Dataset items:
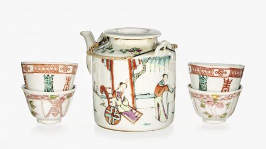 280. Théière et 4 tasses dans un écrin en osier, Chine, époque Républ...
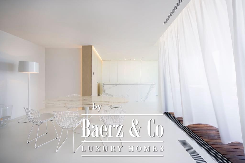 Het interieur van deze luxe woning is ontworpen door de bekende Belgische binnenhuisarchitect Filip Deslee. Het bestaat uit een ruime woonkamer, een moderne, volledig uitgeruste keuken met Miele-apparatuur, een zeer ruime hoofdslaapkamer met dressing en en-suite badkamer en nog twee slaapkamers die een tweede badkamer delen. Er is centrale airconditioning (warm/koud), vloerverwarming in de badkamers, domotica, een Sonos-geluidssysteem, een volledig ingerichte gym, een jacuzzi op het terras en een dubbele inpandige garage + berging van 73 m2.
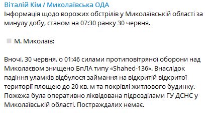 Ночью 30 июня во время воздушной атаки силы РФ ударили по Николаеву и Запорожью. Из тяжелой артиллерии били по Никополю.
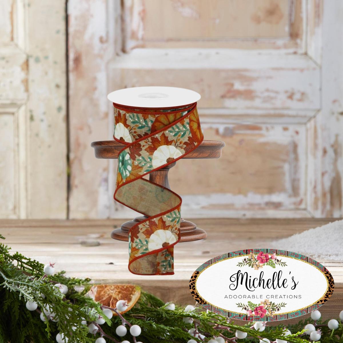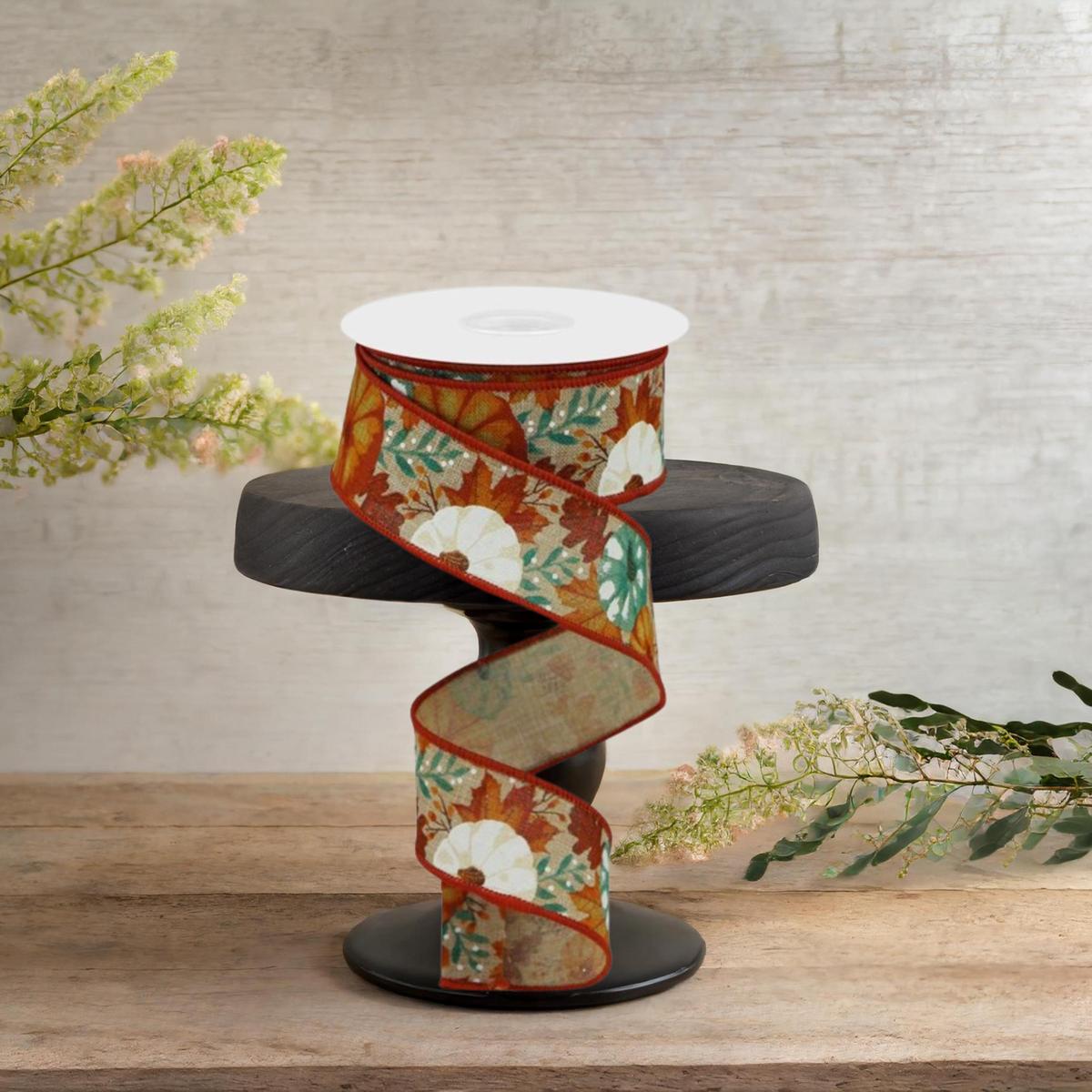 1.5" Pumpkin Foliage Ribbon: Light Tan (10 Yards)
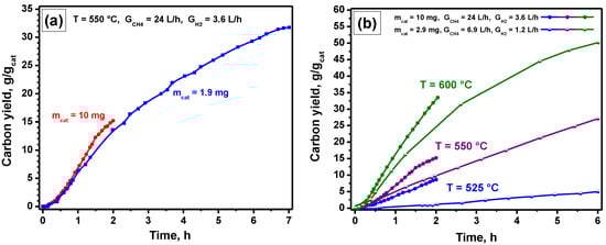 4.2. Kinetic Features of the Decomposition of Methane–Hydrogen Mixture
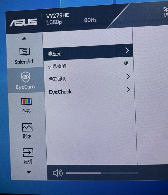 VY279HE 支援護眼功能以及多重色彩情境切換

What the task requires: Only one thing is required: an exact printout of the lines from the line containing "Het interieur van" through the last line of the records, pictures excluded.

Result for this task:
 Het interieur van deze luxe woning is ontworpen door de bekende Belgische binnenhuisarchitect Filip Deslee. Het bestaat uit een ruime woonkamer, een moderne, volledig uitgeruste keuken met Miele-apparatuur, een zeer ruime hoofdslaapkamer met dressing en en-suite badkamer en nog twee slaapkamers die een tweede badkamer delen. Er is centrale airconditioning (warm/koud), vloerverwarming in de badkamers, domotica, een Sonos-geluidssysteem, een volledig ingerichte gym, een jacuzzi op het terras en een dubbele inpandige garage + berging van 73 m2.
 Ночью 30 июня во время воздушной атаки силы РФ ударили по Николаеву и Запорожью. Из тяжелой артиллерии били по Никополю.
 1.5" Pumpkin Foliage Ribbon: Light Tan (10 Yards)
 4.2. Kinetic Features of the Decomposition of Methane–Hydrogen Mixture
 VY279HE 支援護眼功能以及多重色彩情境切換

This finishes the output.